Before you took the Chair this afternoon, Madam Deputy Speaker, there was what can only be described as a form of daughter inflation, at least on the Government Benches, at the start of this debate. My hon. Friend the Member for Richmond (Yorks) (Rishi Sunak) and my hon. Friend the Member for North Dorset (Simon Hoare) appeared to be competing to establish who had the greater number of daughters. I declare at the outset that I have two daughters and one son, like my hon. Friend the Member for Faversham and Mid Kent (Helen Whately), although I should perhaps make it clear to the House that they are not the same two daughters and one son.

Joking apart, there is of course a serious point: the issue of equal pay and the gender pay gap, which has rightly been brought before the House by the hon. Member for Ashfield (Gloria De Piero), affects all of us. It affects fathers of daughters, husbands and sons, and it also affects all of us as members of an equal civil society in which we want everyone to rise and use their abilities without regard to gender, disability or any other characteristic which is irrelevant to their ability to do a job for which they are fitted.

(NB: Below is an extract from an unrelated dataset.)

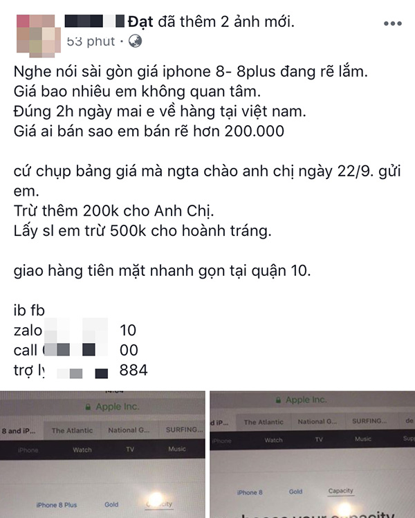 Nếu như trước đó iPhone 8 được chào giá ở mức 31 triệu đồng thì giờ đây có thương lái báo giá chỉ còn 17.5 triệu đồng, rẻ hơn cả giá mua ở cửa hàng. Nếu xét với giá mua iPhone 8 tại ngay Apple Store, thương lái gần như hoàn vốn.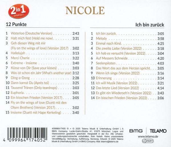 Beschreibung:"2in1 Vol.3" ist eine besondere CD-Veröffentlichung der bekannten deutschen Sängerin Nicole und erscheint beim renommierten Label Telamo. Diese Edition vereint zwei klassische Alben von Nicole auf einer CD und bietet ihren Fans ein musikalisches Erlebnis voller Gefühl und eingängiger Melodien aus Pop- und Schlagermusik. Seit ihrem internationalen Durchbruch mit dem Gewinn des Eurovision Song Contests 1982 ("Ein bißchen Frieden") begeistert Nicole mit ihrer klaren Stimme und zahlreichen Hits die Musikwelt ? sie zählt zu den erfolgreichsten Künstlerinnen im deutschsprachigen Raum. Das Label Telamo steht für hochwertige Produktionen im Bereich Schlager & Popmusik aus Deutschland sowie für die Förderung namhafter Künstler wie Nicole.

There is much good news and, rightly, there is a great deal of common ground across the House. The gender pay gap is now at the lowest level on record. As a result of changes in the law that have received support from across the House in the last few decades, no woman can any longer be paid less than a man for the same job, for that is rightly illegal. I must, however, say to the Opposition spokesman, the hon. Member for Cardiff South and Penarth (Stephen Doughty), that that distinction has evidently eluded the drafters of the motion. The legal requirement for equal pay, which is well enforced, is very different from the gender pay gap. That gap arises as a result of any number of structural features from the moment of birth, and it is now the mission of society to tackle that gap.

It falls to us to tackle the subtle differences in pay between the genders—largely, it has to be said, for those over the age of 35—not the overt discrimination of yesteryear that, rightly, we have largely consigned to the history books. That battle has been won. Many factors affect women over the course of their school and working lives with which men simply do not have to deal, not least, as every male Member of the House ought to recognise, the gender imbalance in most families when it comes to children and childcare.

Some of that has been addressed, or at least it has begun to be addressed. For example, the gender pay gap used to have strong roots in educational attainment. The traditional boys’ science subjects used to lead to more lucrative careers, while girls were steered into studying arts and the humanities, and thereafter worked in the less profitable roles into which they were too often pushed by careers staff focused on gender stereotypes. Even when I was growing up, boys did better at school, received degrees more valued by employers and saw that translated into more pay over their career lifetimes.

The dominance of boys at school and of young men at university is largely no longer apparent. An OECD report in March found that although boys’ dominance just about endures in maths, it is no longer present in science subjects. As everyone who has both sons and daughters knows anecdotally, girls are racing ahead in literacy. In all 64 countries and economies in the OECD study, girls outperformed boys at reading, with the mean gap equivalent to an extra year of schooling. Since literacy is of course the foundation of further learning, that gap means that teenage boys are 50% more likely than girls to fail to achieve basic proficiency in maths, reading or science. I hope that the House will have equal time to debate that subject, because if equality means anything, it must mean equality for both sexes.

Equally, girls’ educational dominance now persists after school as well as at school. Until a few decades ago, there was a clear male majority at university almost everywhere in the world but, as higher education has boomed, women’s enrolment has increased faster than men’s. In the OECD, women now make up 56% of students enrolled at university, which is up from 46% in 1985. Women who go to university are more likely than their male peers to graduate and they typically get better grades.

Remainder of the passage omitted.